-- Opening Marker --
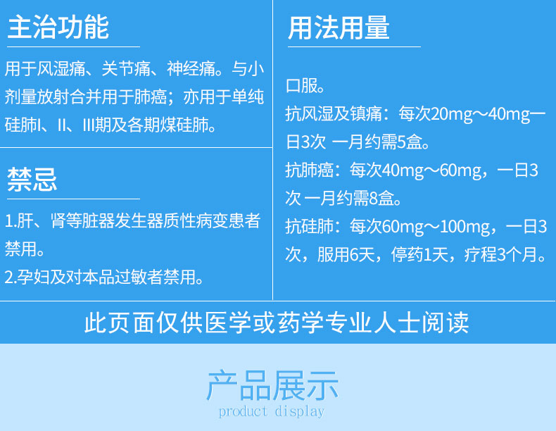 【适应症/功能主治】用于风湿痛、关节痛、神经痛。与小剂量放射合并用于肺癌;亦用于单纯硅肺I、II、III期及各期煤硅肺。
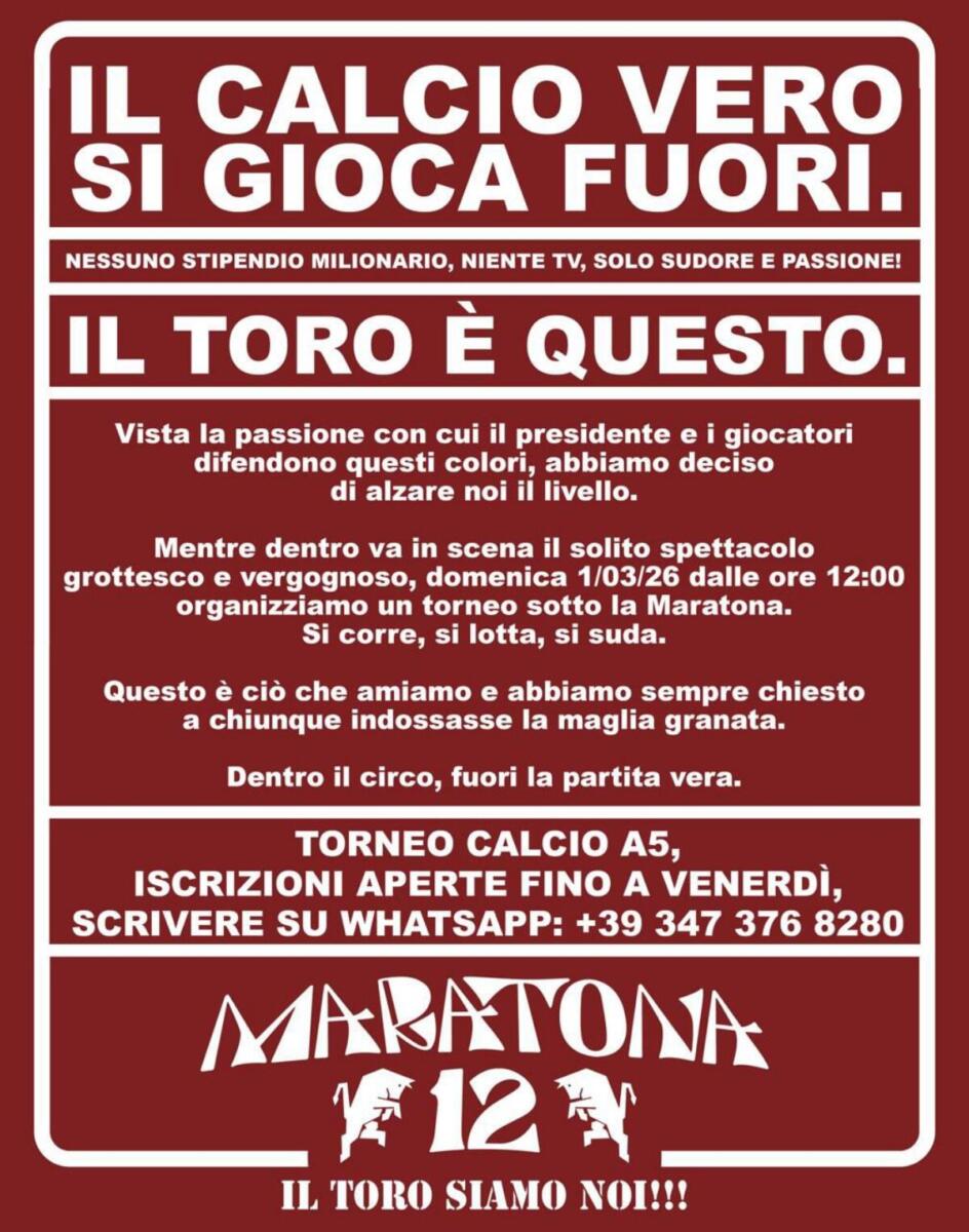 Non solo la curva resterĂ simbolicamente vuota: numerosi tifosi granata si ritroveranno alle ore 12.00 all’esterno dello Stadio Olimpico Grande Torino per disputare un torneo di calcetto, un gesto dal forte valore simbolico per ribadire l’attaccamento ai valori e alla storia del Torino: “Il calcio vero si gioca fuori. Nessuno stipendio milionario, niente tv, solo sudore e passione. Il Toro è questo. Vista la passione con cui il presidente e i giocatori difendono questi colori, abbiamo deciso di alzare noi il livello. Mentre dentro va in scena il solito spettacolo grottesco e vergognoso, domenica 1 marzo 2026 dalle ore 12 organizziamo un torneo sotto la Maratona. Si corre, si lotta, si suda. Questo è ciò che amiamo e abbiamo sempre chiesto a chiunque indossasse la maglia granata. Dentro il circo, fuori la partita vera”.
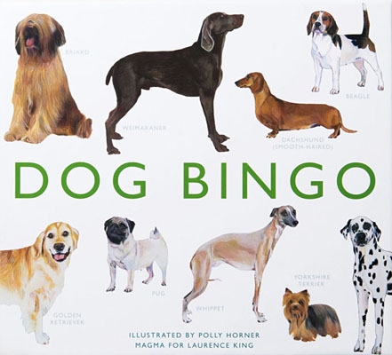 This beautifully illustrated bingo game features 64 breeds of dog from around the world. Spot all kinds of dogs - from the tiny chihuahua to the noble Great Dane, from the sleek saluki to the dreadlocked Hungarian puli, mark them off on your card and bingo! Dog Bingo brings a fun and educational twist to the traditional game as players learn the names and colourings of both their favourite breeds and weird and wonderful exotic dogs. Contains 64 superbly illustrated dog tokens, one board, 12 bingo cards and brightly coloured counters for you to mark up your card, as well as a leaflet containing basic information and a few quirky traits for all of the dogs featured.
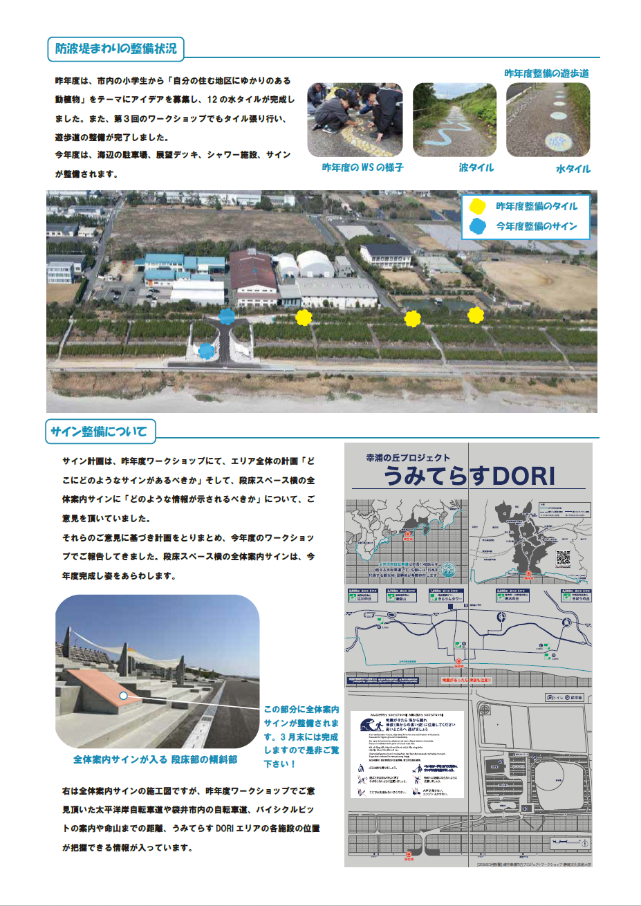 浅羽海岸において、津波の被害から命や家、田畑を守るために進めている防潮堤の整備とともに、利活用について検討するため、地元の自治会や祭り青年、子ども会、サーフィン団体などの各団体の方々が参加するワークショップを平成29年度から開催しています。
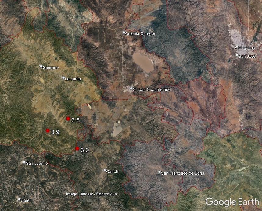 El tercero en el Municipio de Carichí, de magnitud 3.9, a las 01:49:37 horas. (tiempo local), a 53 kilómetros al suroeste de Cuauhtémoc. La profundidad de los tres sismos fue de 5 kilómetros.
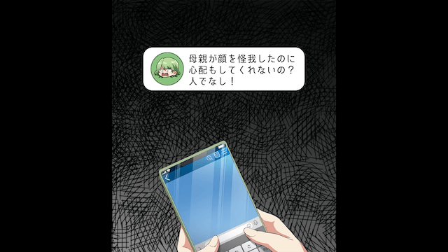 病院に駆けつけた主人公は、母が兄夫婦に迷惑をかけたことを申し訳なく思い、母を引き取ります。 そして翌日、母は主人公や兄夫婦から心配の言葉がないことに不満を抱き「人でなし!」と言ってきたのです。
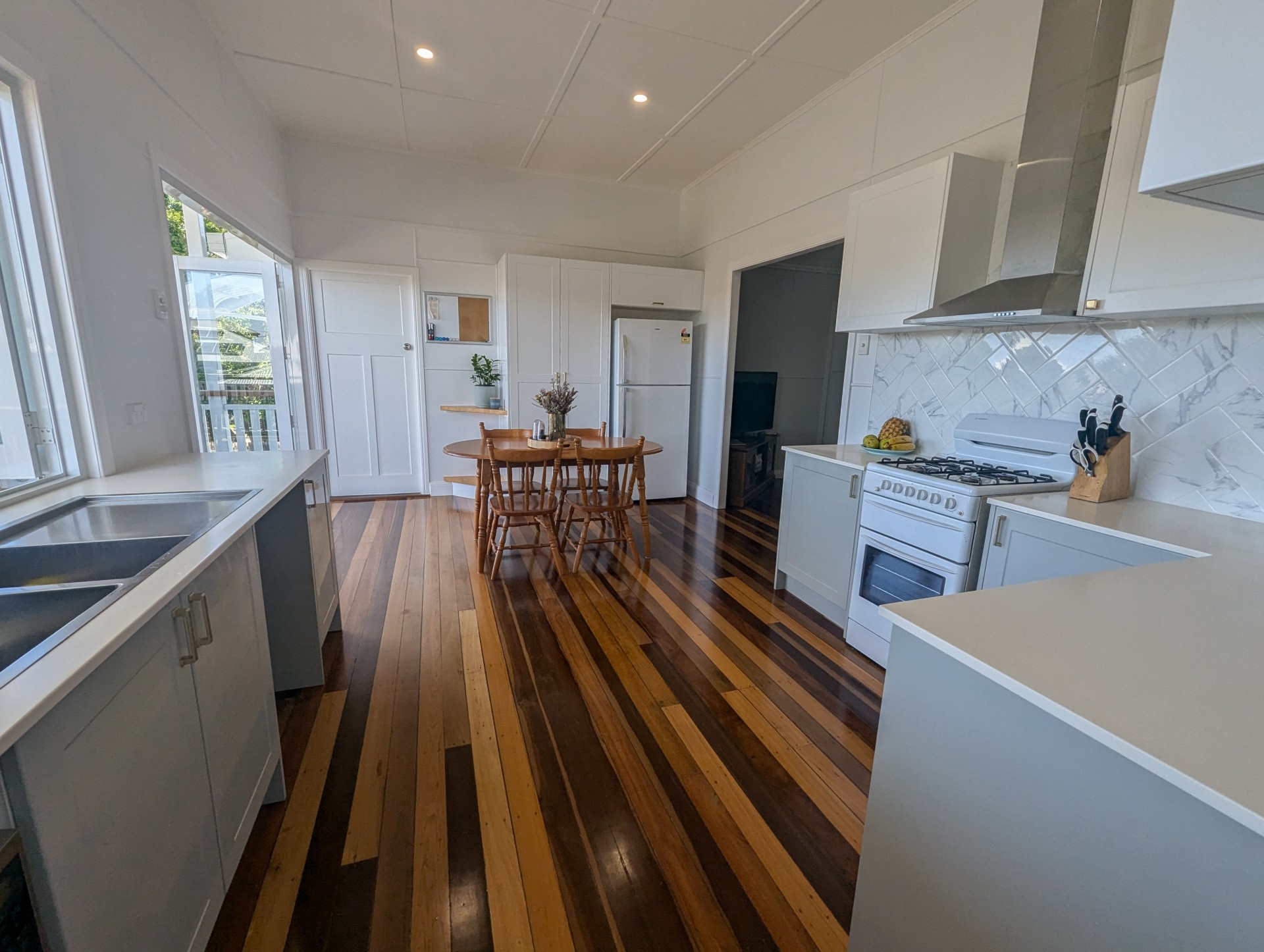 • Open-Plan Living Area: The lounge and dining area, featuring polished timber floors, is bathed in natural light flooding in from the rear deck, creating a bright and airy atmosphere. This generous space offers ample room for both relaxation and entertaining.
-- Closing Marker --
■ **Problem to solve**: An exact copy of every entry above is required, without the pictures.

■ **Solved exercise**:
 【适应症/功能主治】用于风湿痛、关节痛、神经痛。与小剂量放射合并用于肺癌;亦用于单纯硅肺I、II、III期及各期煤硅肺。
 Non solo la curva resterĂ simbolicamente vuota: numerosi tifosi granata si ritroveranno alle ore 12.00 all’esterno dello Stadio Olimpico Grande Torino per disputare un torneo di calcetto, un gesto dal forte valore simbolico per ribadire l’attaccamento ai valori e alla storia del Torino: “Il calcio vero si gioca fuori. Nessuno stipendio milionario, niente tv, solo sudore e passione. Il Toro è questo. Vista la passione con cui il presidente e i giocatori difendono questi colori, abbiamo deciso di alzare noi il livello. Mentre dentro va in scena il solito spettacolo grottesco e vergognoso, domenica 1 marzo 2026 dalle ore 12 organizziamo un torneo sotto la Maratona. Si corre, si lotta, si suda. Questo è ciò che amiamo e abbiamo sempre chiesto a chiunque indossasse la maglia granata. Dentro il circo, fuori la partita vera”.
 This beautifully illustrated bingo game features 64 breeds of dog from around the world. Spot all kinds of dogs - from the tiny chihuahua to the noble Great Dane, from the sleek saluki to the dreadlocked Hungarian puli, mark them off on your card and bingo! Dog Bingo brings a fun and educational twist to the traditional game as players learn the names and colourings of both their favourite breeds and weird and wonderful exotic dogs. Contains 64 superbly illustrated dog tokens, one board, 12 bingo cards and brightly coloured counters for you to mark up your card, as well as a leaflet containing basic information and a few quirky traits for all of the dogs featured.
 浅羽海岸において、津波の被害から命や家、田畑を守るために進めている防潮堤の整備とともに、利活用について検討するため、地元の自治会や祭り青年、子ども会、サーフィン団体などの各団体の方々が参加するワークショップを平成29年度から開催しています。
 El tercero en el Municipio de Carichí, de magnitud 3.9, a las 01:49:37 horas. (tiempo local), a 53 kilómetros al suroeste de Cuauhtémoc. La profundidad de los tres sismos fue de 5 kilómetros.
 病院に駆けつけた主人公は、母が兄夫婦に迷惑をかけたことを申し訳なく思い、母を引き取ります。 そして翌日、母は主人公や兄夫婦から心配の言葉がないことに不満を抱き「人でなし!」と言ってきたのです。
 • Open-Plan Living Area: The lounge and dining area, featuring polished timber floors, is bathed in natural light flooding in from the rear deck, creating a bright and airy atmosphere. This generous space offers ample room for both relaxation and entertaining.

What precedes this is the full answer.